◆ **Problem statement**
As you write out the lines from the one containing "Priced from P13,999" through the last line of the records, keep them exact and leave out pictures.

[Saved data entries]
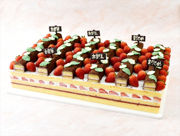 いちご狩りをご自宅で!当社伝統のショートケーキの上に、貴重なプレミアムいちご(あまりん、古都華、まりひめ)をのせ、いちごジャムを忍ばせたいちごクリームの上にチョコクリームとチョコクラムをあしらって土手を作り、いちご畑を再現しました。『あまりん』の濃厚な甘さ、『古都華』のコクのある味わい、『まりひめ』の甘味と 酸味の絶妙なバランスを食べ比べていただく、いちごが主役のケーキです。
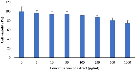Effect of M. oleifera extract on the cell viability of human keratinocytes (HaCaT) cells. All values are mean ± SEM, n = 6.
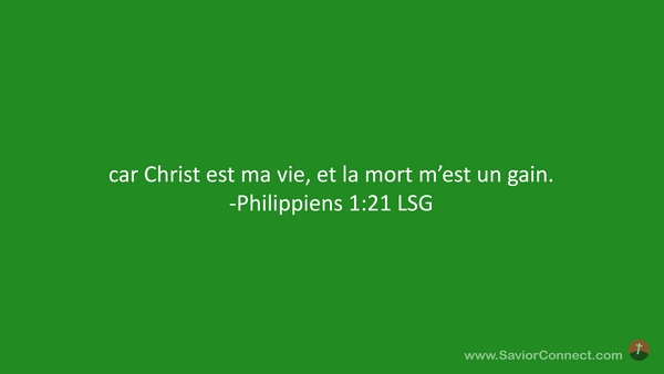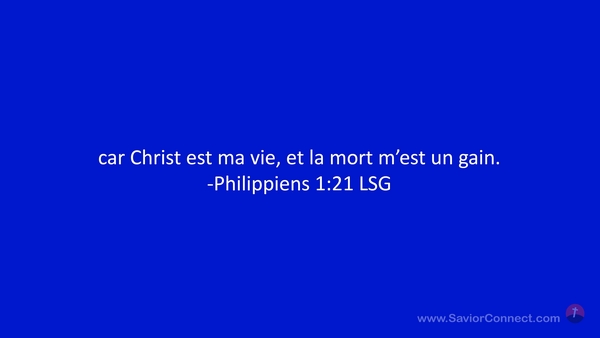 car Christ est ma vie, et la mort m'est un gain. -Philippiens 1:21 LSG
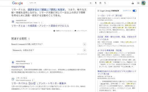 【注意事項】 libraryの検索結果が表示されます。個人情報・センシティブなキーワード等でgoogle検索を利用される場合には、トグルスイッチをoffにした上でご利用くださいますようお願いします。 ・本拡張機能のトグルスイッチをonにしている場合、常にlegal ・本拡張機能は、legal ・本拡張機能はサードパーティ(独立した第三者)が作成したものであり、作成者はlegal googleの検索結果ページに、legal library(https://legal-library.jp/)の契約者を対象としたもので、当該サービスにログインした状態のブラウザにおいて、google検索を行った際に機能します。 libraryの従業員・関係者ではございません。 右上のトグルスイッチで、on/offを切り替えることができます。 ・本拡張機能に関するご要望・お問い合わせは開発者の𝕏アカウントである【https://x.com/olga_tokyo_law】までお願いいたします。 libraryの検索結果を同時に表示することで、法律関連のリサーチ業務を効率化します。
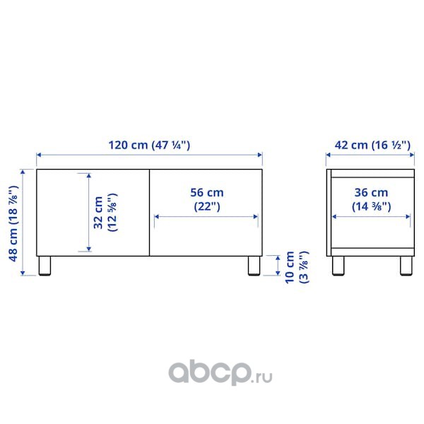 BESTÅ БЕСТО Тумба под ТВ, с дверцами, белый БЬЁРКЁВ/МЕЙЬЕРП/березовый шпон 120X42X48см
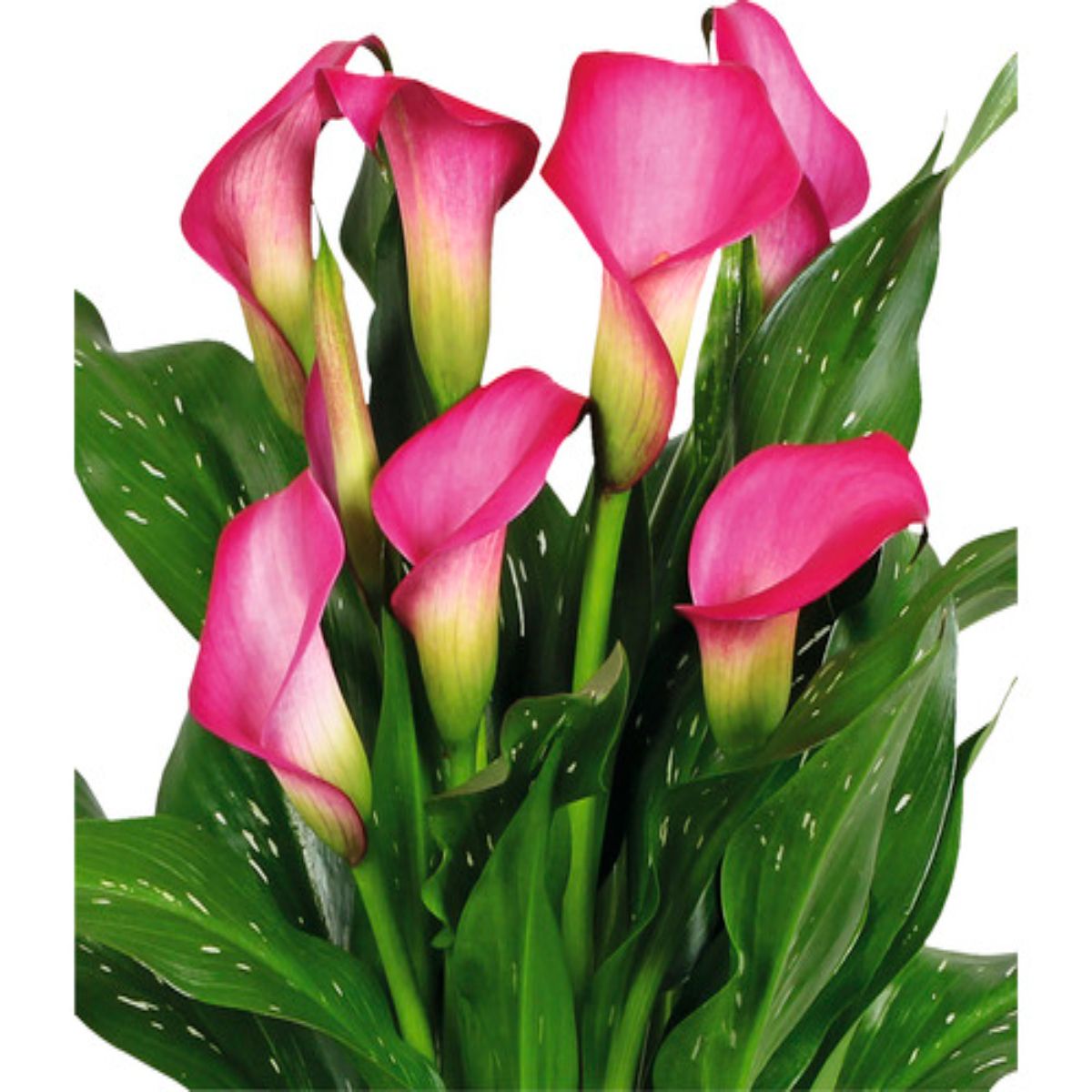 Florile de Zantedeschia sunt cunoscute pentru forma lor distinctivă, în formă de pâlnie, cu petale fine și catifelate, care creează un efect vizual sofisticat și modern. Frunzișul verde intens, ușor lucios, completează perfect aspectul plantei, oferindu-i un aer proaspăt și natural.
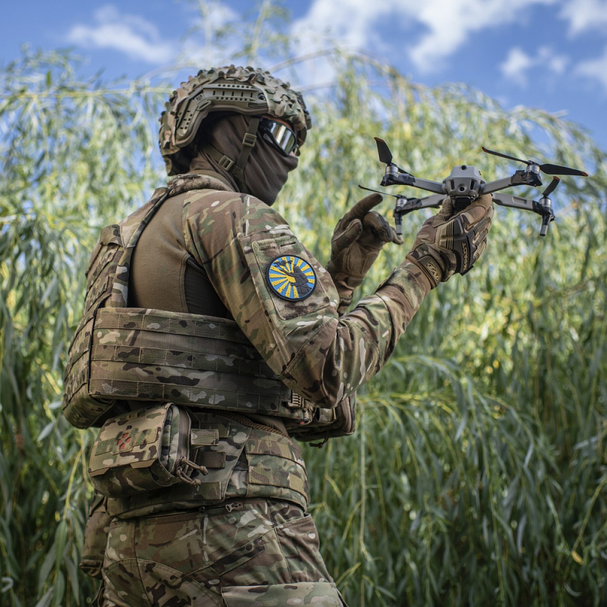 На патче изображен самурай, который мастерски управляет дроном на фоне стилизованного желто-голубого "солнечного флага", известного в Японии как Хиномару ("круг солнца" или "круг огня"). В стране восходящего солнца Хиномару является символом гордости, идентичности и национального единения. Он отражает значение солнца как источника света, тепла и жизни, а также символизирует мир, счастье и процветание.
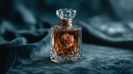 Elegant perfume bottle with rose on a velvet background.
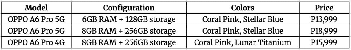 Priced from P13,999 (roughly $238), the OPPO A6 Pro is available for preorder nationwide until November 14, 2025.
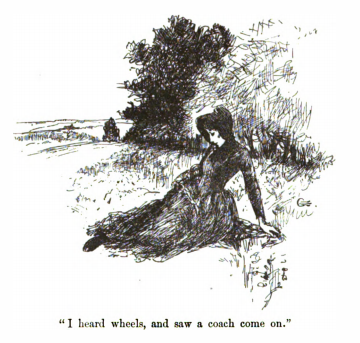Here Jane sits outside as a carriage drives towards her. She gathered all her money and got a carriage and rode until she ran out of money. The driver dropped her off by the side of the road and she walked until she reached the nearest village, Morton. She wandered outside for two days until she was taken in by the pastor, Mr. Rivers.

◆ **Task response**
 Priced from P13,999 (roughly $238), the OPPO A6 Pro is available for preorder nationwide until November 14, 2025.
Here Jane sits outside as a carriage drives towards her. She gathered all her money and got a carriage and rode until she ran out of money. The driver dropped her off by the side of the road and she walked until she reached the nearest village, Morton. She wandered outside for two days until she was taken in by the pastor, Mr. Rivers.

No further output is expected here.